As Ginnie Mae mortgage-backed securities reached an all time high in reaction to a GSE reform bill currently working its way through the House Banking Committee, investors have begun to believe the bill will not make it out of committee this year, and began to rapidly sell Ginnie Maes.

"In fact, for June delivery, Ginnie 7.5s were up nine ticks, and Fannie 7.5s were up 17.5 ticks, so Ginnies 7.5s had a quarter point underperformance, and Ginnie 8s had 6.5 ticks underperformance," said Art Frank, head of mortgage research at Nomura Securities, calling the event a "pretty dramatic cheapening of Ginnies."

The breaking point at which investors felt that Ginnie Maes had gotten too rich was when they were trading at one basis point higher than Fannie Maes.

The so-called "battering" of Ginnie Maes came despite a market rally and positive economic releases. "This morning we have observed the Ginnie Mae/Fannie Mae 7.5 swap go from 1-03 to 0-26 despite a market rally," said David Montano, mortgage researcher at Credit Suisse First Boston. "Generally, Ginnie Maes are supposed to have longer durations. Of course, Ginnie Maes have not been trading very rationally' recently. The selling in GNMA this morning has been heavy."

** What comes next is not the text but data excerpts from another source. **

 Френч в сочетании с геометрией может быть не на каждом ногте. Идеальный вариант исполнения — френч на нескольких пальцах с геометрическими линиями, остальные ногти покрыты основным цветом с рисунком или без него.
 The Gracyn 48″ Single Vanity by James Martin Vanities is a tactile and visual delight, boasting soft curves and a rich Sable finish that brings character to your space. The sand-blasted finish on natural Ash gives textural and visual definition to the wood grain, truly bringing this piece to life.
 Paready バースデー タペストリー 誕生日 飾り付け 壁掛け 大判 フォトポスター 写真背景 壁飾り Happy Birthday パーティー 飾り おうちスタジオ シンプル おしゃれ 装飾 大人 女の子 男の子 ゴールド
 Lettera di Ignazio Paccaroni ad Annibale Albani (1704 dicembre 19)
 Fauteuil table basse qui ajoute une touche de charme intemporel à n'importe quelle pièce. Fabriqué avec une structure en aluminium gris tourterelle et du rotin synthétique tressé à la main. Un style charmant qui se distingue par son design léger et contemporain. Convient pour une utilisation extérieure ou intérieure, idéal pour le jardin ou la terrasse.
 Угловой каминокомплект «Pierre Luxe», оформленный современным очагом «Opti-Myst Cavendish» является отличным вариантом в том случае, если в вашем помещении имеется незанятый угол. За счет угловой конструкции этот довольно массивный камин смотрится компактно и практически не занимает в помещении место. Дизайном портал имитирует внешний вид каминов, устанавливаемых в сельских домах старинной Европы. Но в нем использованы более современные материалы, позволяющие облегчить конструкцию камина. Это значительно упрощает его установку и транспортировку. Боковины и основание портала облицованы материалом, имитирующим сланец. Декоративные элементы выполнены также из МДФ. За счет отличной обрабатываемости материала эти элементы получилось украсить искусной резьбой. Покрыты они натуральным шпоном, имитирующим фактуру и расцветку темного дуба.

Frank also noted that agency debentures also came in about 2.5 basis points. Spreads at press time Thursday afternoon between the Fannie Mae 8% and the 9.2-year Treasury were only one basis point wider, at 188 over.

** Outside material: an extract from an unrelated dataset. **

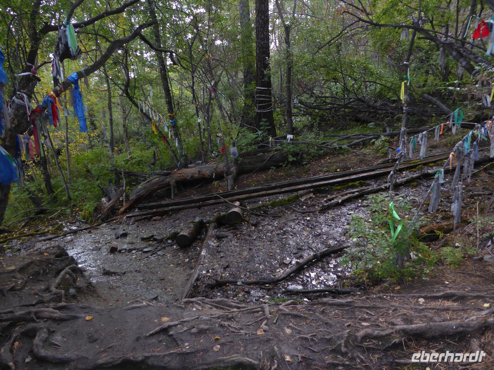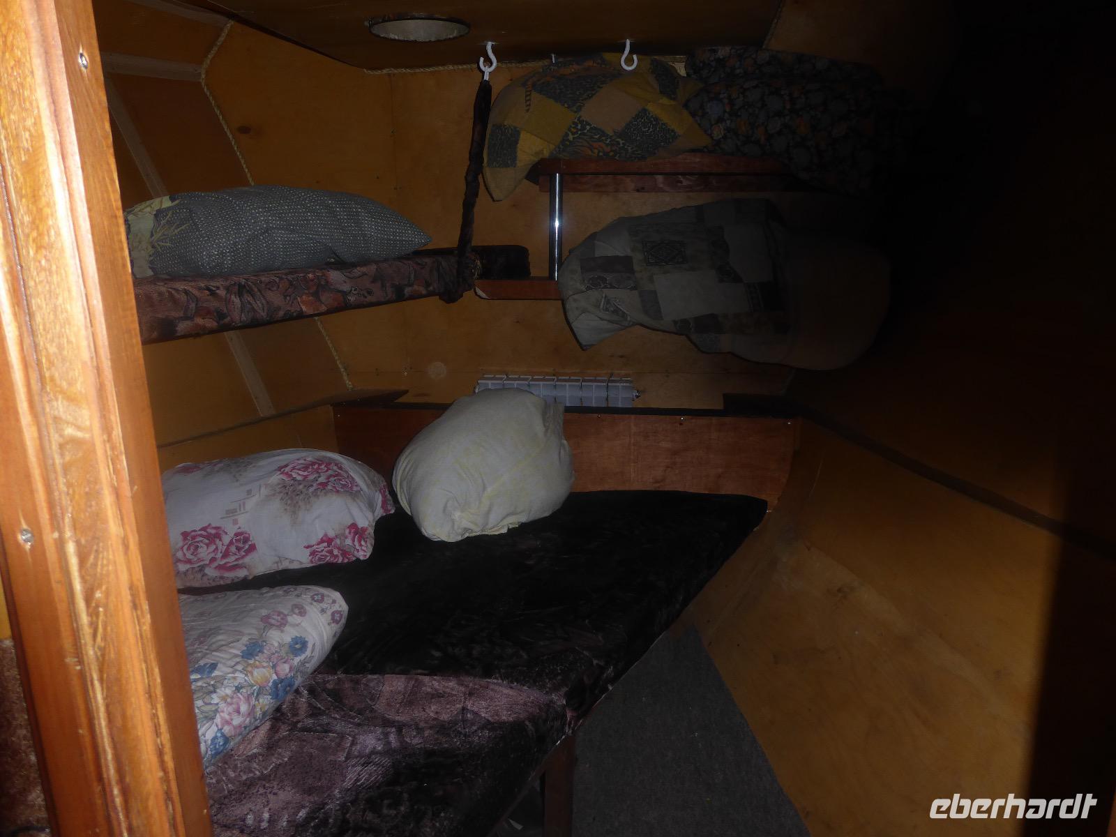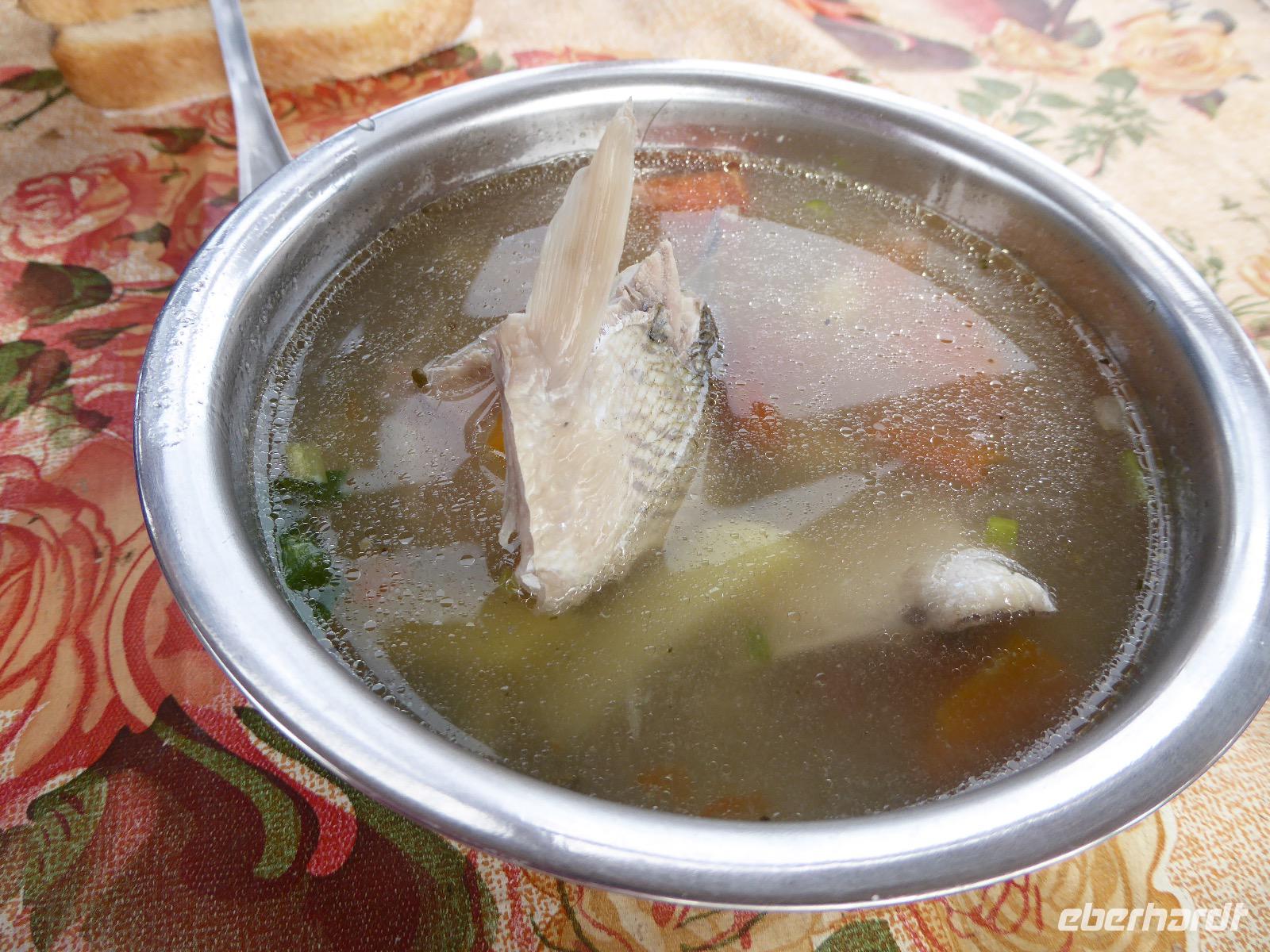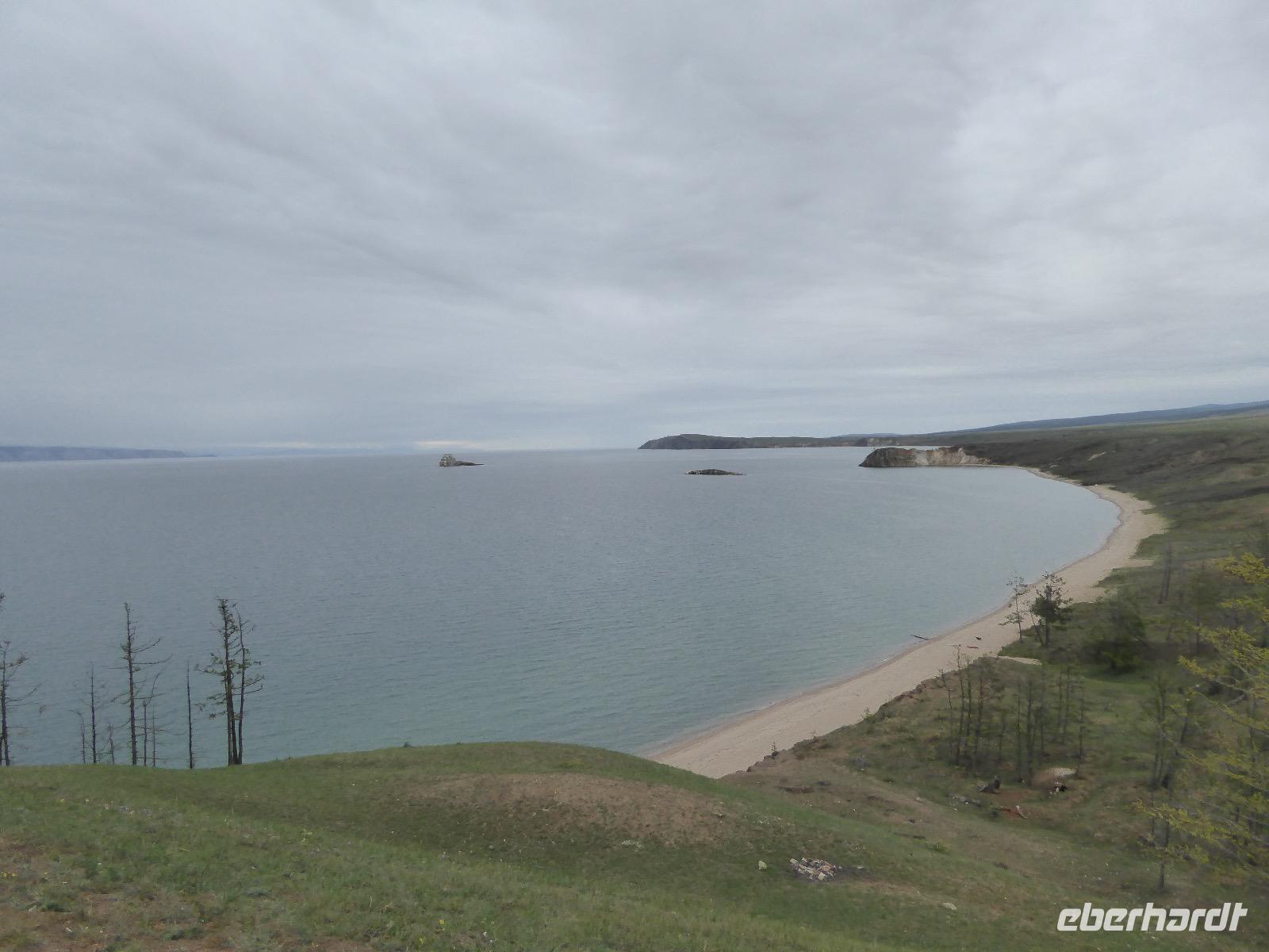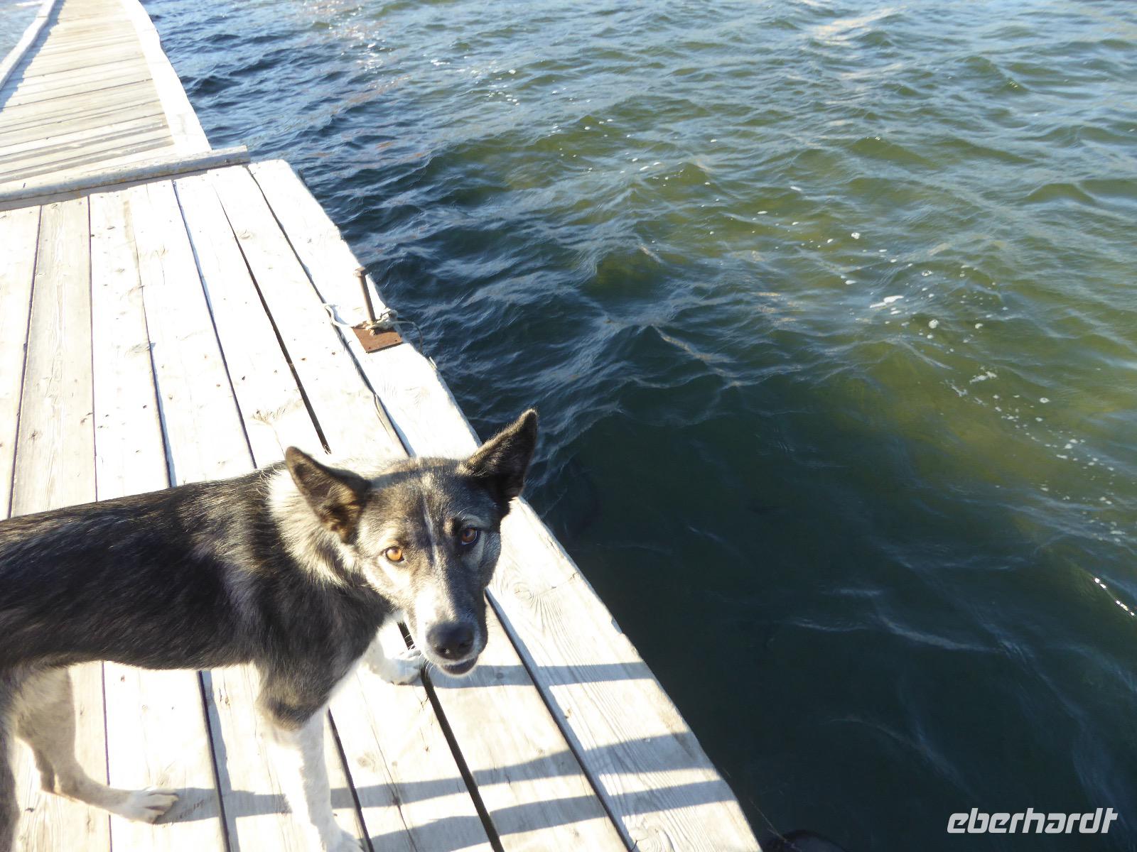 Fröhlich begrüßt uns Nikita beim Frühstück. Gut gesättigt begeben wir uns zum Strand am Baikalsee, wo ein kleines Boot mit einer seltsamen Mannschaft auf uns wartet. Der Kapitän sieht aus als wäre er hundert Jahre alt (Chris bekommt später heraus, dass er erst 64 ist), der eine Bootsmann ist total betrunken und für das leibliche Wohl sorgt eine russische Frau, die ihre 16jährige Tochter dabei hat. Wir erklimmen das Schiff und versuchen, es uns gemütlich zu machen. Das ist nicht so einfach, denn hinten sind nur 4 Plätze, vorne zieht es wie verrückt und drinnen ist es zwar warm, aber stickig, es riecht nach Kerosin, Nikotin und Fisch. Irgendwann haben wir uns eingerichtet und schippern über den Baikalsee. Nach ein paar Stunden erreichen wir die unbewohnte Insel Ogoj, wo wir aussteigen und zur tibetischen Stupa laufen. Diese barfuß zu umrunden, befreit von allen Sünden. Allerdings muss man es mindestens drei mal oder sieben mal oder über einhundert mal machen, für letzteres reicht die Zeit nicht. Zum Schiff zurück gekehrt, erwartet uns der gedeckte Tisch. Es gibt Suppe aus der uns ein lustiger Fischkopf angrinst. Hm... Die Suppe schmeckt, man muss ja den Fischkopf nicht mit essen. Jetzt hat unser Kapitän seine Musikanlage entdeckt. Fröhlich klingen russiche Lieder scheppernd aus dem Lautsprecher. Zum Ententanz und Letkiss hält es uns nicht mehr auf den Bänken und wir legen ein wackeres Tänzchen hin. Noch einmal legt unser Schiffchen an. Inzwischen haben sich dicke Wolken am Himmel breit gemacht und unser Kapitän hält uns an, uns zu beeilen, da er unruhige See erwartet. Wir wandern zu berühmten Heilquellen querfeldein und einen steilen Berg hinauf. In matschiger Modderpampe läuft aus zwei nicht sehr Vertrauen erweckenden Rohren Wasser auf den Waldboden. Es ist nicht ganz klar, ob die rechte Leitung für Frauen ist und die linke für Männer oder umgekehrt. Nach müßiger Diskussion kehren wir zum Schiff zurück. Die Wolken haben sich verzogen und es ist noch Zeit für einen leckeren Posy. Bier ist aus. Die nächste Lieferung kommt erst in einer halben Stunde, da sind wir schon weg. Unser Rückweg wird weiterhin von lauter Musik begleitet. Zum Abendessen sind wir wieder zurück. Nikita lädt uns zu einem Musikabend ein, aber wir sind zu erschöpft und können uns nicht dazu aufraffen.

Analysts are recommending up-in-coupon trades. "We continue to recommend up-in-coupon, favoring Fannie Mae 8.5s and 8s," said Montano. "We are concerned about the performance of Fannie Mae 7.5s where supply has been the heaviest. We also note that new issue residential subordinates spreads have been widening over the last couple of weeks - single-Bs wider by about 30 basis points - an indication that more investors believe that we have hit the peak in the housing market."

Elsewhere, the beginning of the week saw a heavy volume of mortgage originators selling, though it eased up later on in the week. "It's still pretty much the prime season for purchase applications, but that should tail off in a couple weeks," Frank said. "May and early June are popular times for people to buy homes to close in July and August. So we're coming toward the end of the period of relatively heavy mortgage banker supply, but we haven't seen #he end of it."

Convexity for Yield

In a report issued by Salomon Smith Barney in this week's Bond Market Roundup, the company is suggesting to investors to trade convexity for yield because of a further inversion of the yield curve and a low-volatility environment. A barbell strategy will then take form as the optimal portfolio structure.

An example of this is to buy 8.5s and 6s and sell 7s, providing an additional three to five basis point return over a six-month investment horizon.

CMBS Deal in the Pipeline

PNC Bank Corp., Morgan Stanley Dean Witter & Co. and CIBC World Markets Corp. have started marketing a $802 million commercial mortgage-backed deal. The triple-crown transaction has been rumored to price June 5.

"Logic has with three different originators, it tends to create some resemblance of a CMBS soup, rather than having a distinct consistency for the origination process," said Michael Hoeh, an MBS portfolio manager at Dreyfus Corp.